Калавера отвечала строго, деловито:
– Зигмунда. Никак иначе. Где взяла ребенка? Хочешь жертвоприношение устроить? Кому?
– Нет, – махнула рукой Мадлен. – Я не украла, я… в аренду взяла. Всё равно они спят, а ей тут интереснее. Или надо говорить «ему»?»
– Ах, это Молли!
– Ага.
– Хорошо, – одобрила Калавера. – Может получиться. Когда мы втроем, мы можем почти всё.
Упырица возмущенно фыркнула.
– Ну, спасибо! Без тебя я не догадалась бы. Сама-то ты – где была? Почему я тут одна отдуваюсь?
– Он меня не звал. Я и не приходила.
– Ой, – испугалась Мадлен. – Он тебя позвал? И что теперь? Он умрет? Раз позвал, ты же должна, да?
– Да конечно! – зло сощурилась Калавера. – Разогнался. Я ему больше ничего не должна. Это он мне должен. Так что пусть выкручивается, как хочет. Пока не доведет дело до конца, пусть даже не мечтает. Я его отсюда вытащу. Мы с тобой. И с Молли. Или как там его теперь?
– Забыла спросить.
– Ну и хорошо, чтобы не путаться. Молли и Молли. Давай будить Дока.
– Отцепи его сначала, а то как будить, когда оно в него течет?

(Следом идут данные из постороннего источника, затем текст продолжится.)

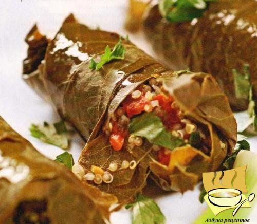 P. S. В связи с наличием отсутствия булгура, я заменяю его пшеничной крупой. Если есть свежие виноградные листья, я предпочитаю использовать их. Для большей гибкости их надо обдать кипятком.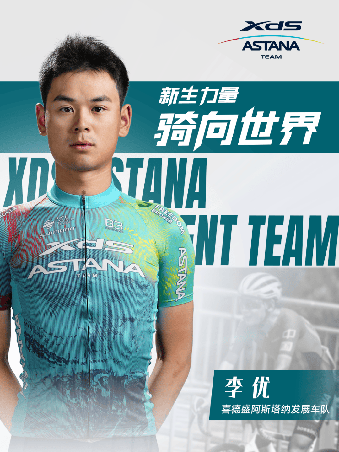 这位21岁的年轻车手身着喜德盛阿斯塔纳车队骑行服,脸上洋溢着梦想成真的激动与对新征程的期待。

– Ерунда, – глухо рыкнула Калавера и, щелкнув пальцами, рассыпала звонкую дробь из-под каблуков. Трубки, пластиковые пакеты разлетелись облаком пыли и мельчайших брызг, ремни расточились в прах, провода и присоски осыпались золой, наполнив палату запахом горелой изоляции.
– Обожаю, когда ты так делаешь! – Мадлен замотала головой от удовольствия. Младенец выпростал руки из одеяла и потянулся к танцовщице, весело гуля.
– Я знаю, – улыбнулась Калавера. – За дело!
– Подъем! – заорала Упырица голосом сержанта из кино про американских морпехов. Младенец взвыл с неожиданной для такого крохотного тельца силой.
Док дернулся и открыл глаза, полные мути и тоски.
– Я придумал, – сказал он уверенно и ясно. – Я знаю, как вернуть Клемса. Я должен совершить тайгерм.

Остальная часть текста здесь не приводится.